Une histoire de puberté...

L’ancienne secrétaire d’Etat à la Famille Nadine Morano (LR) s’est montrée prudente : « Sur cette question je suis moins inquiète que le pape sans doute, mais je ne vois pas aussi à quel[s] livre[s] il fait référence. » La présidente du groupe éducation du Syndicat national de l’édition, Sylvie Marcé, a tenu, hier sur Franceinfo, à « rassurer » : « Les seuls manuels qui pourraient évoquer le sujet sont les manuels de sciences de 6e. On apprend aux enfants ce qu’est la puberté, mais c’est un chapitre scientifiq­ue qui dit juste comment les enfants évoluent et comment se manifeste la puberté.
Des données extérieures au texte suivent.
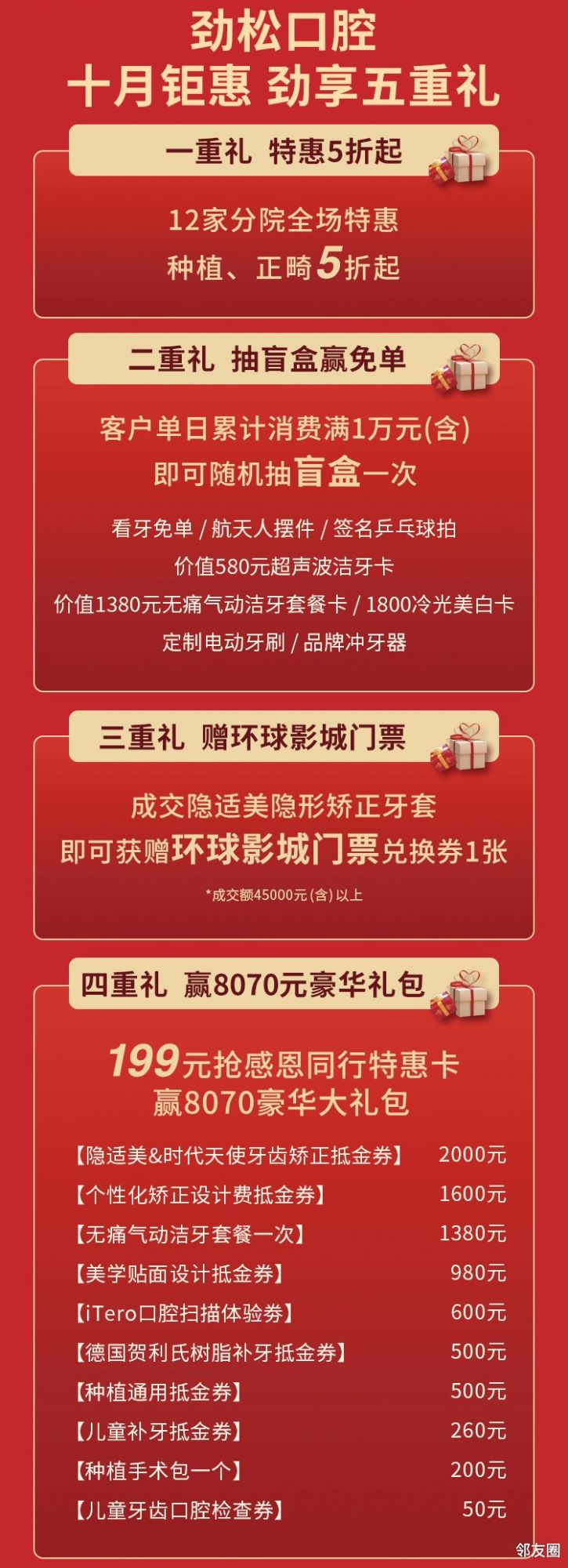 包括各种矫正、种植、补牙抵金券

Mais il n’y a rien du tout concernant une théorie du genre.» Cette polémique jette, en outre, une lumière vive sur la relation ambivalent­e qui lie le pontife sud-américain à la France, évoquée avec affection après chaque attentat, mais dépeinte en « fille aînée » de l’Eglise pas assez « fidèle » ou critiquée pour sa laïcité « exagérée ». Le pape François, après trois ans et demi de pontificat, n’a toujours pas confirmé de voyage dans l’Hexagone.